William N. Hait (B.H.) is the global head of Johnson & Johnson External Innovation. He spoke to Scientific American Custom Media (SACM) about how humans might one day maintain their bodies as they do their cars today—and why we should look forward to that future.

SACM: You once said, “Imagine the human of the future will be more like our cars today.” What did you mean?

B.H.: When a car rolls off the assembly line, it comes equipped with numerous sensors that constantly monitor its health. If a component begins to drift out of spec, the check-engine light comes on and you take the car to the shop, where the data from the sensors are downloaded into a computer that recommends an adjustment before the car breaks down. Our cars enjoy a level of prevention and healthcare today that we should strive to achieve for humans in the future.

SACM: How does your car analogy relate to specific elements of healthcare?

B.H.: At Johnson & Johnson, we strive to eliminate disease through prevention, disease interception and cures. Today, we are beginning to understand each individual’s specs — that is, the diseases to which a person is susceptible. In the future, we too will be surrounded with sensors — wearables, implantables, et cetera — that continuously monitor our major components.
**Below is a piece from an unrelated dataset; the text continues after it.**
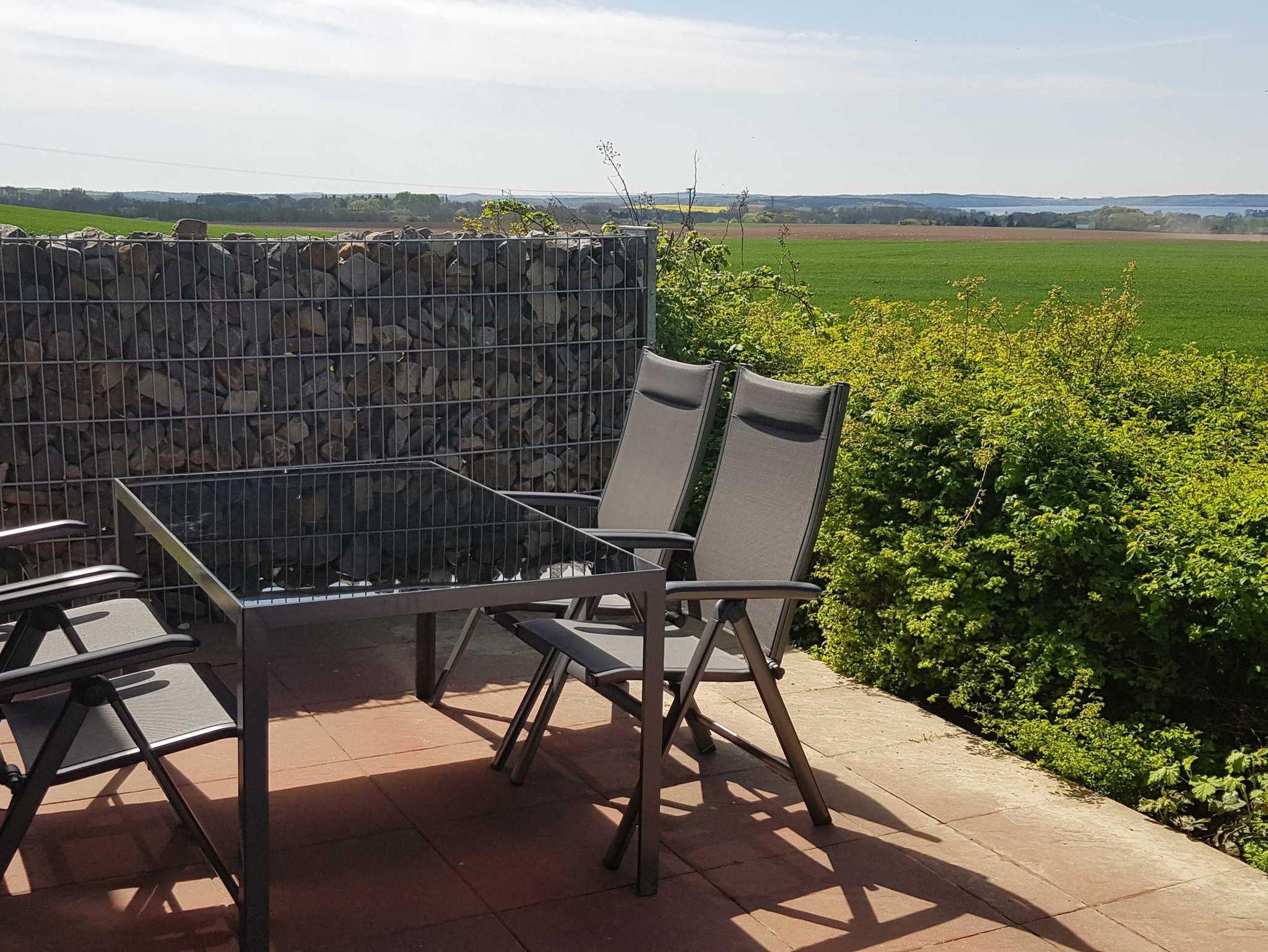 ? Die Terrasse ist mit einem Tisch und 4 Stühlen ausgestattet

And when we begin to go out of spec, our check engine light will come on and the data from our sensors will be downloaded into a computer that will recommend adjustments in diet, activities and medications before we break down with a disease.

SACM: Of these three concepts — prevention, interception and cure — where are we the closest and where do we have to the most work to do?
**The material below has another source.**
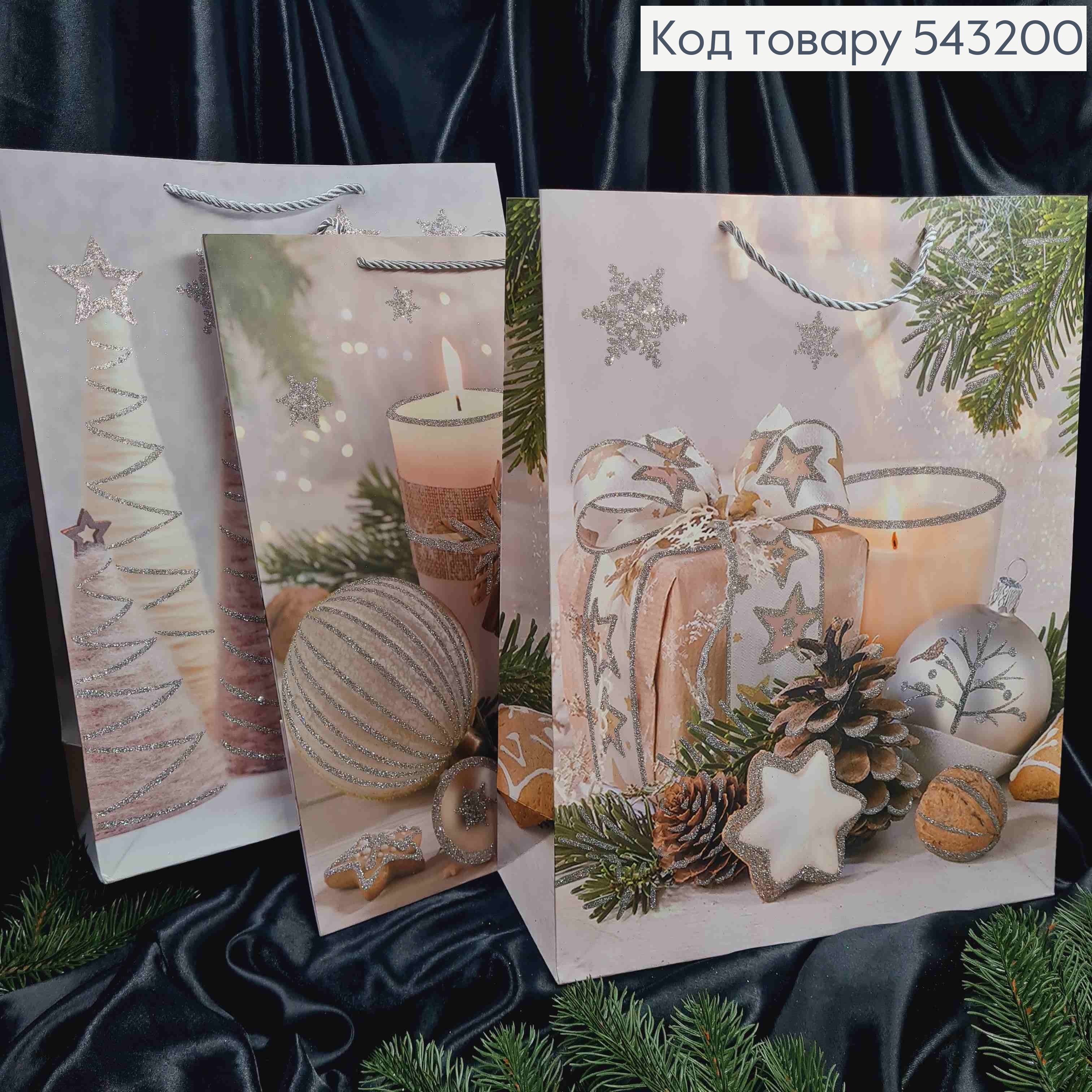 Пакет бумажный с Новогодним принтом и Блеском, 32*26*10см, в ассортименте 543258 фото
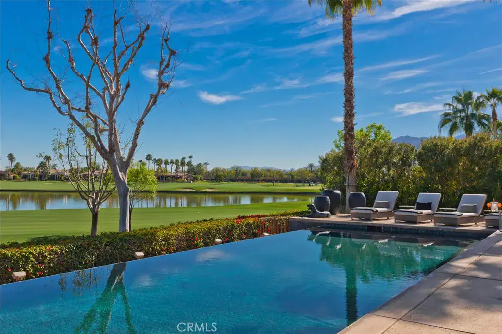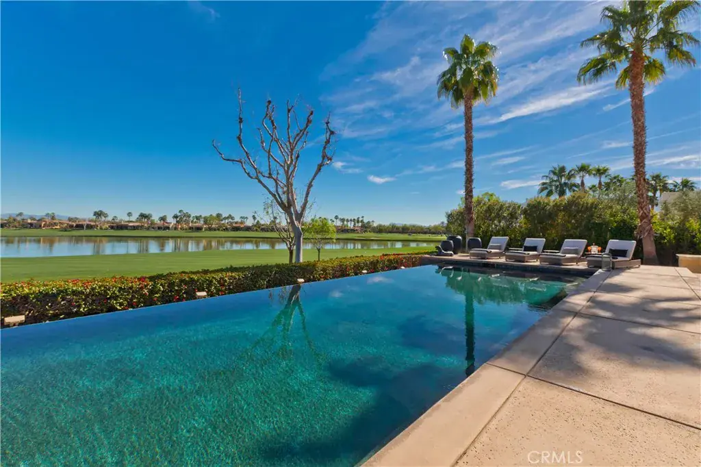 An estate of the grandest proportions awaits the discerning guest at “The Summit” in one of the most sought after and exclusive guard gated communities of PGA West. This home was recently featured on the first episode of the tv show Staycation which aired on CBS and KCAL 9. Its lake front facing exposures has it all with complete privacy at this 4-bedroom, 4.5 bath estate with triple fairway views of the 10,11,12th golf course holes on the Weiskopf course, lake and mountain views. Arrive, relax and begin to enjoy the 4900 sqft luxurious Restoration Hardware decorated home. This home was purposefully designed to create the ultimate vacation destination with premium amenities such as the infinity saltwater pool, cascading waterfall and spillway and spa, built-in BBQ island, foosball, ping-pong and more!

B.H.: With some areas, such as infectious diseases, we have seen major advances in prevention and cures. In fact, the cure of Hepatitis C will intercept many cases of liver cancer. But many major killers, like lung cancer or Alzheimer’s disease, represent huge unmet needs. These are complex illnesses where the causes are not always known. In addition, we must gain a clearer understanding of the individuals at greatest risk, so that prevention and interception will achieve the appropriate risk:benefit ratio.

SACM: When do you think that your car analogy could turn into healthcare reality?
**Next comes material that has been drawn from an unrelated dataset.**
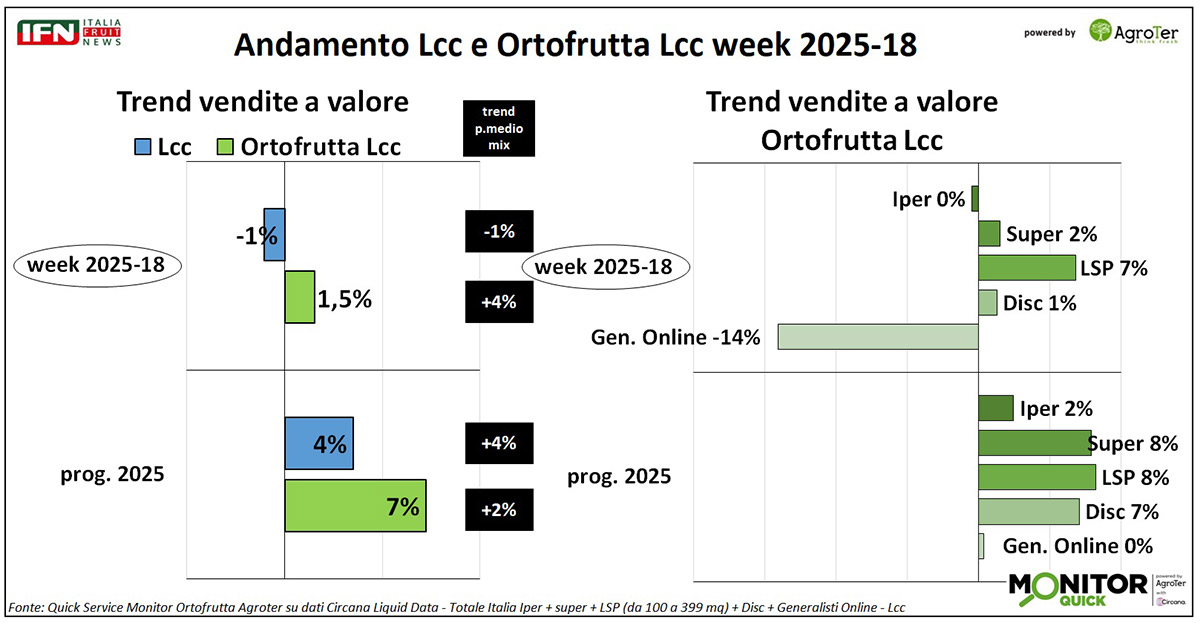 Week 18 : ortofrutta Lcc in difficoltà (-3% a volume)

B.H.: Monitors are not new. For example, implantable devices are available for patients with cardiac arrhythmias. These implantables not only monitor cardiac rate and rhythm, but can deliver a therapeutic shock to convert a serious arrhythmia back into a healthy state. Vaccines to prevent infectious diseases are in widespread use for an ever greater number of infectious agents. Statins intercept the disease-causing process of atherogenesis linked to hypercholesterolemia. The challenge is to apply this approach broadly. We need to increase our investment in prevention and interception, as we focus treatments on curing in addition to managing the morbidities of disease.